Trying to determine if the Union Pacific ran dedicated express-mail trains in the late 1940s/early 1950s such as Santa Fe’s famed Fast Mail Express or SP’s Klamath?
Any dedicated express-mail trains operating on the Northwestern District? If so, would passenger Challengers have been assigned to these trains?
What woud have been a typical consist?
Appreciate your help
Bob
Yes, they operated several such trains.
My 1956 Official Guide shows UP mail and express trains #11 and #12 operating between Green River, WY and Portland, OR. Most dedicated mail/express trains carried a coach on the rear to accomodate the trainmen who would have been in a caboose on a freight train. #11 and #12 are listed as doing that in the OG. They would accept passengers who insisted on riding the trains in that one coach.
The rest of the trains would have consisted on primarily heavyweight baggage cars carrying storage mail (mail that wasn’t sorted en route.) There would have also been Railway Epress equipment such as express reefers and high speed box cars. Both the reefers and box cars used on these trains would have been equiped with passenger trucks for the higher speeds. I do not know if the trains carried a working Railway Post Office car where mail was sorted en route. If I had to guess I’d guess they did.
#11 & #12 connected at Green River with Omaha-Oakland trains #27 and #28. The westbound #27 set out cars for #11 to take to the Northwest and #28 picked up cars from #12 from the Norhtwest. Because they handled these connecting cars, I doubt the trains were ususally large enough to require the services of a Challenger. But the UP used Challengers on passenger trains to/from Oregon.
http://www.uprr.com/aboutup/history/loco/locohs01.shtml
If a Challenger took a large passenger train into Oregon, and was not needed to bring another large train back east, they well could have put it on #12 just to get the engine back to where it could be well used.
Some facts, some “informed” speculation. Hope it helps.

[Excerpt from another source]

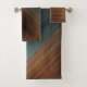 Set Of Bath Towels amenity e acessório de decoração em casa com design de trabalho de arte do Deserto Pintado do Sudoeste por TheFabricSeal no Zazzle. Esta bela ilustração gráfica digital apresenta uma falso superfície de madeira com escova de ar e listras horizontais pintadas por aquarelas com lindas cores inspiradas nos desertos do magnífico Sudoeste. Tons de paleta colorida de preto, marrom, burgundy, red, rust, terra cotta, tijolo, tan, areia, azul-turquesa e verde.
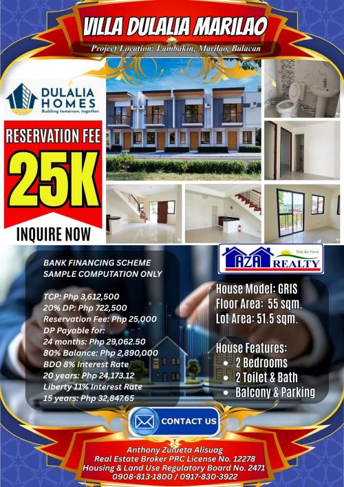 Php 25K Reservation Fee Gris Model 2BR House And Lot For Sale in Villa Dulalia Marilao Barangay Lambakin, Marilao, Bulacan

The Klamath wasn’t a dedicated express-mail train. It was an accommodation train. Although it contained a lot of express/mail cars, the train also included coaches, sleepers and a diner. On the other hand, the Pacific Mail (Oakland-Ogden) and the Argonaut (Los Angeles-El Paso) trains were virtually all express/mail except for one or two coaches to accommodate local travelers and deadhead railroad crews. Those trains even had a news-agent car or all-day-lunch car at least during the mid-1940s.